12.7 Changes to the Exercise Price
Notwithstanding any other provision in these Rules, the Exercise Price of an Award may not be changed in accordance with these Rules or otherwise unless such change is permitted by applicable laws, regulations and, if the Company is listed on the ASX, the Listing Rules.
12.8 Subject to applicable laws
The application of this clause 12 is subject at all times to all applicable laws, regulations and, if the Company is listed on the ASX, the Listing Rules.

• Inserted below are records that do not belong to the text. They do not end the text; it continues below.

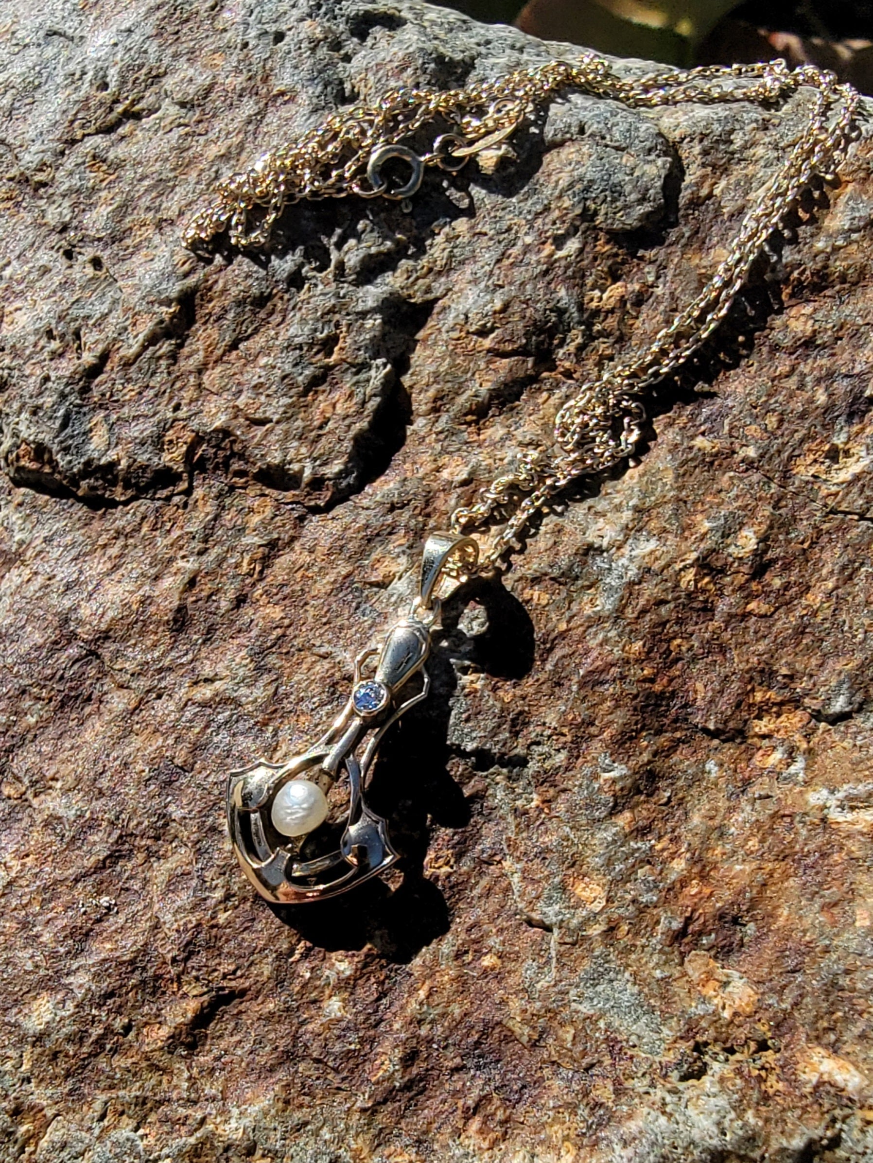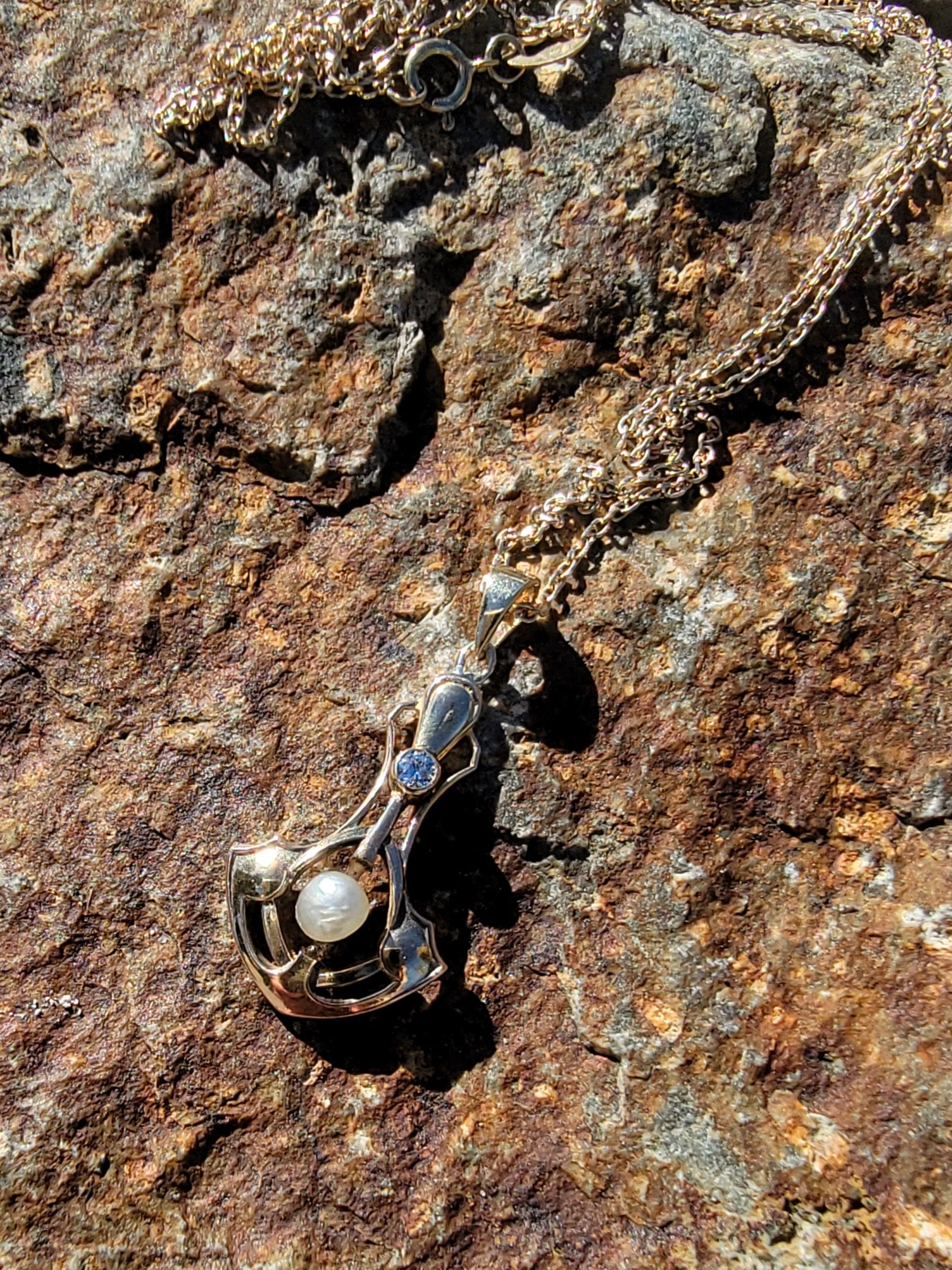14k gold pearl & diamond Deco necklace pendant lavaliere
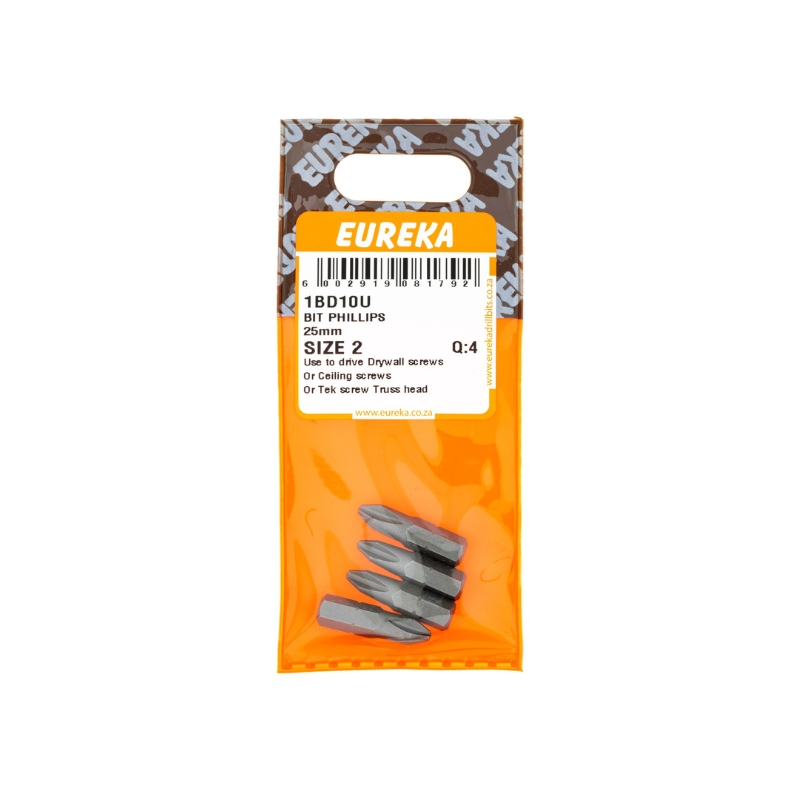 • BIT PHILLIPS 25MM SIZE 2 SCREW 3-4.8MM Q:4 EUREKA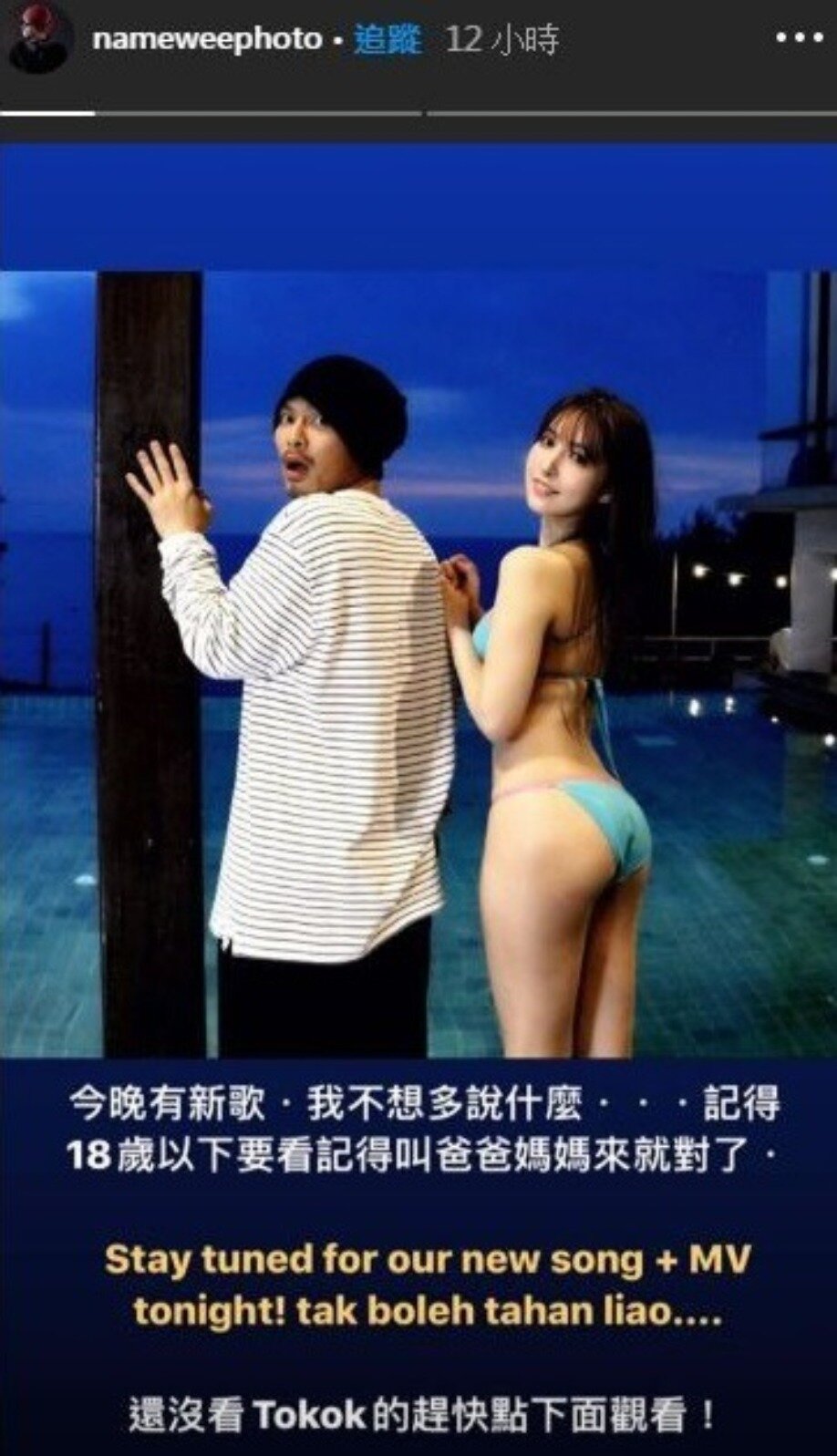 新歌〈不小心〉雖是描寫戀愛中的甜蜜,歌曲盡是不少性暗式雙關語像是「一起啪啪啪拍掌看著舊日劇」、「樹懶叫的聲音」、「下麵給你吃妳妹妹也餓了」、「蝌蚪游來游去」等引人遐想的歌詞,網友都忍不住提醒他,記得這首歌要打上"兒童不宜",女神三上悠亞更在MV中說他是大變態!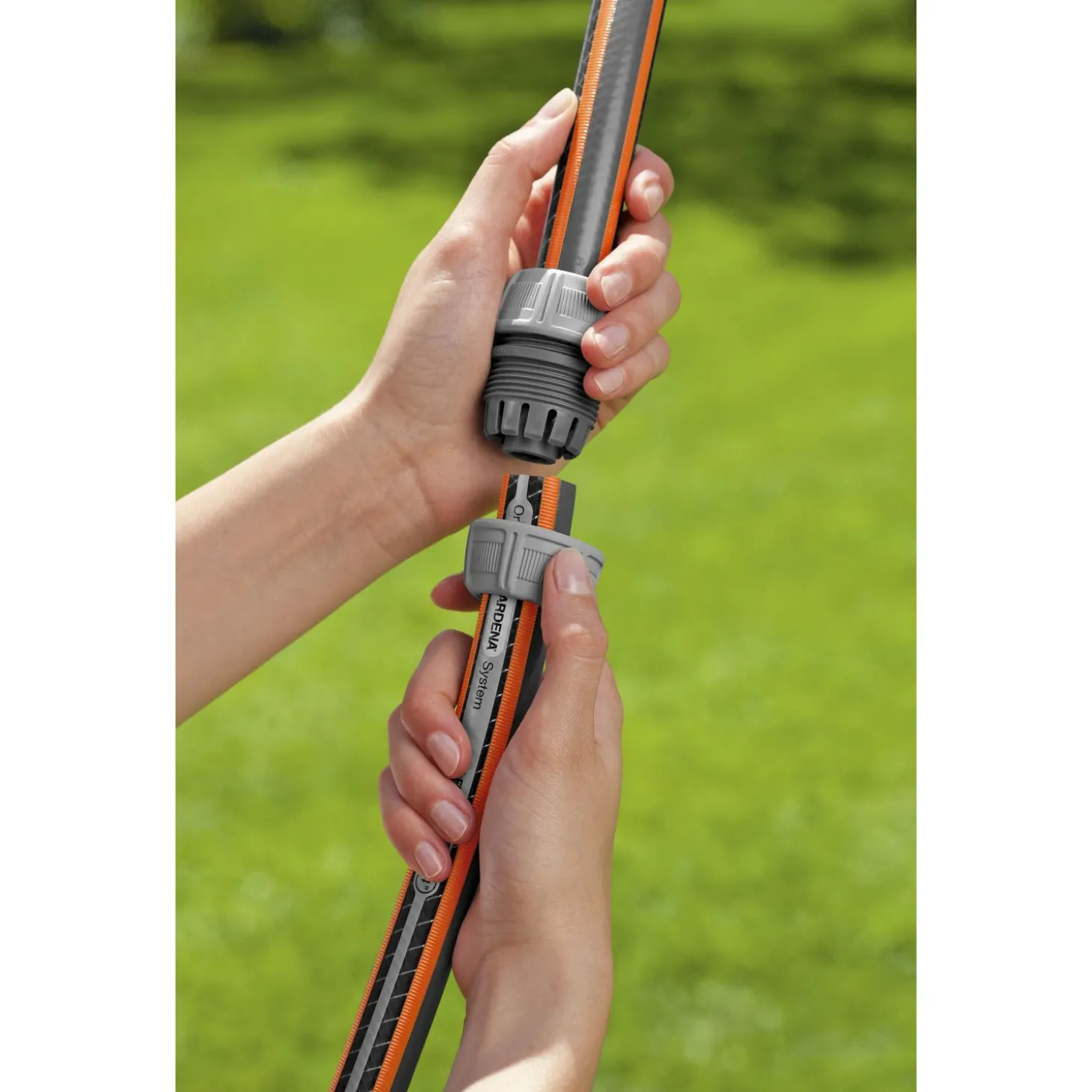 Een kapotte slang hoef je niet gelijk weg te gooien, met de Reparateur van Gardena kan je snel en eenvoudig je slang repareren zónder gereedschap. Snijd simpelweg het beschadigde deel uit je slang en verbind de twee slangdelen met de reparateur. De speciaal gevormde wartelmoer zal zorgen voor een sterke verbinding. De reparateur is geschikt voor 19 mm (3/4”) slangen.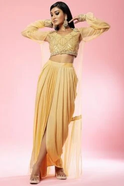 Sage Green Crepe Silk Hand Embroidered Pre-Stitched Saree Set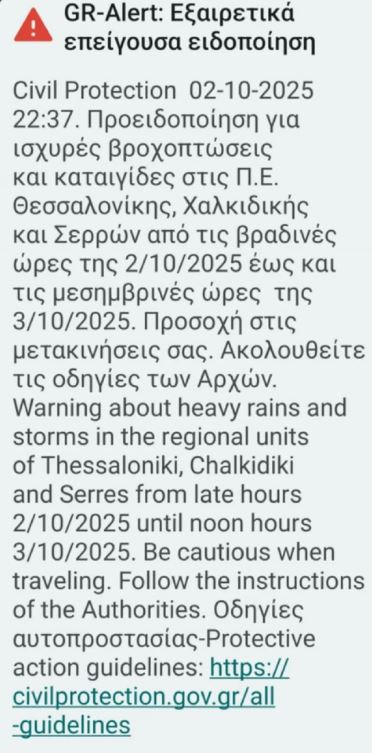 “Προσοχή στις μετακινήσεις σας. Ακολουθείται τις οδηγίες των Αρχών”, τονίζεται στο μήνυμα από την Πολιτική Προστασία.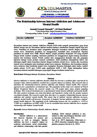 Damanik, Amanda Geopani (2024) The Relationship between Internet Addiction and Adolescent Mental Health. Jurnal Edumaspul: Jurnal Pendidikan.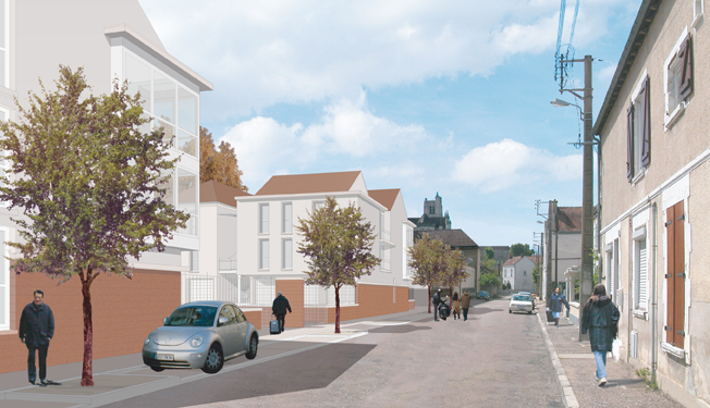 Le terrain est situé sur la rive droite de l’Yonne à proximité de l’avenue Jean Jaurès sur l’emprise d’une ancienne usine avec une façade sur la rue Camille Desmoulins de 75 mètres environ, offrant une perspective sur la Cathédrale d’Auxerre. « Petits immeubles collectifs et jardins cohabitent»: L’objectif étant, tout en conservant un cadre champêtre, d‘éviter l’aspect de la cité HLM avec un habitat collectif dense, afin de proposer un ensemble immobilier où cohabitent des petits immeubles collectifs et jardins, et de favoriser ainsi l’insertion du projet dans le quartier existant. Ce dispositif rappelle l’échelle des maisons voisines avec leurs cours. La cours et les jardins sont délimités par des grilles suivant l’alignement des façades sur rue, et sont été traités comme un lieu de cheminement agréable par son caractère de transition entre la rue et le logement. Cette opération neuve de logements, conduite par l’Office, doit permettre d’illustrer la politique de renouvellement urbain «à visage humain» lancée par la ville pour revitaliser ce quartier en douceur. |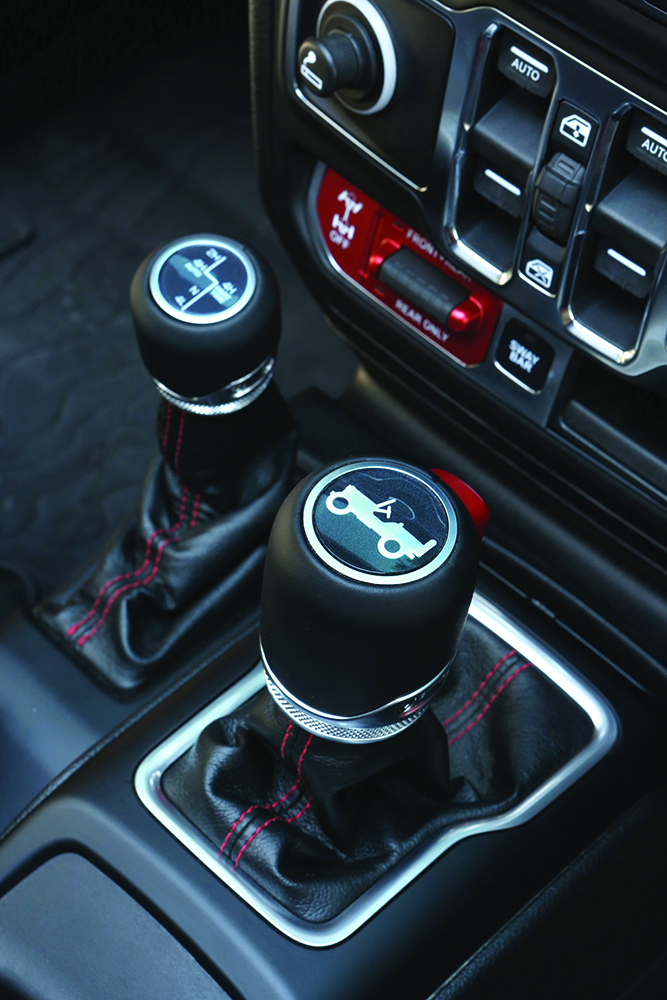 Cei peste 75 de ani de dezvoltare continuă a tracțiunii integrale se oglindesc în cele două sisteme 4×4 disponibile pe noul Wrangler: Command-Trac (pe Sport și Sahara) și Rock-Trac (oferit standard pe cea mai capabilă versiune, Rubicon). Ambele sunt dotate standard cu reductor full-time cu două rapoarte, numit Selec-Trac.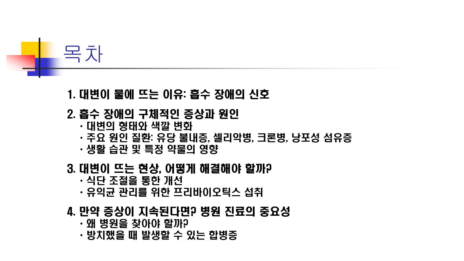 대변이 뜨는 현상이 심각한 질병의 징후일 수 있기 때문입니다. 전문의는 정확한 진단을 통해 원인을 파악하고, 그에 맞는 치료 계획을 세워줄 수 있습니다. 섣불리 자가 진단하고 방치하면 병이 더 악화될 수 있으므로, 조기에 의료진의 도움을 받는 것이 매우 중요합니다.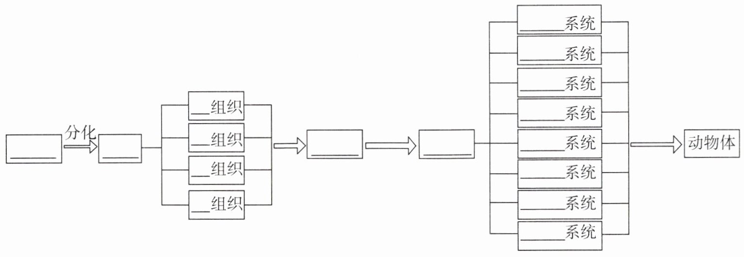 受精卵;细胞;上皮;肌肉;神经;结缔;器官;系统;运动;消化;呼吸;循环;泌尿;神经;内分泌;生殖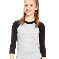 Girls Gray 3/4 Sleeve Baseball T-Shirt
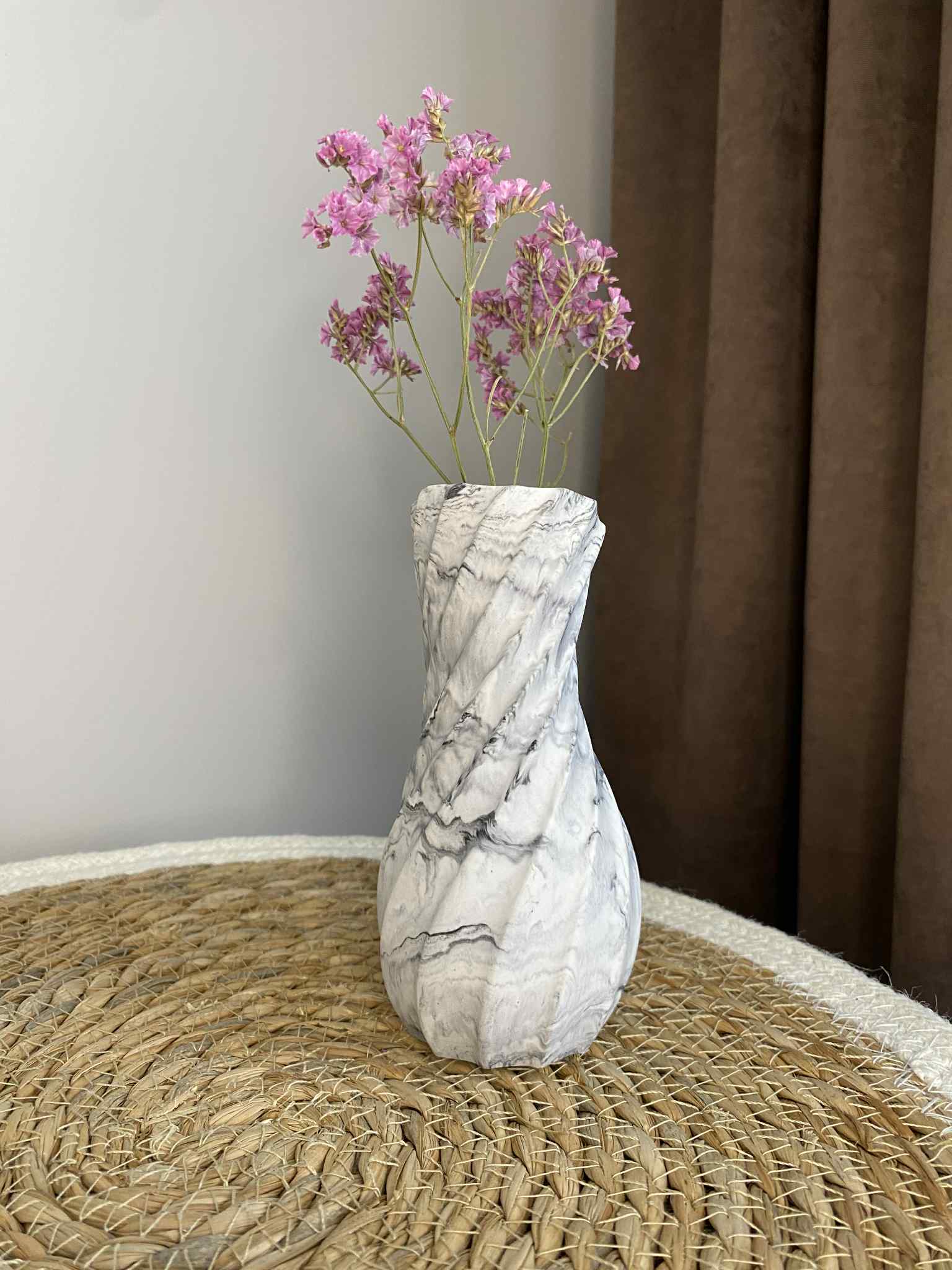 Moderni ir išraiškinga sukto dizaino vazelė, pagaminta iš tvarios bei ilgaamžės medžiagos – jesmonito. Dėl savo unikalaus rašto bei subtilios faktūros ši vazelė tampa ne tik funkcionaliu, bet ir estetišku interjero akcentu.

13. Irrevocable power of attorney
In order to ensure compliance with these Rules, each Participant must grant an irrevocable power of attorney (in the form set out in the Invitation or such other form as agreed by the Company) to any person nominated from time to time by the Board.
14. Trust
The Board may, in its discretion, use an employee share trust or other mechanism for the purposes of holding and/or delivering any Resulting Shares under these Rules on such terms and conditions as determined by the Board in its absolute discretion. For the avoidance of doubt the Board may do all things necessary for the establishment, administration, operation and funding of an employee share trust.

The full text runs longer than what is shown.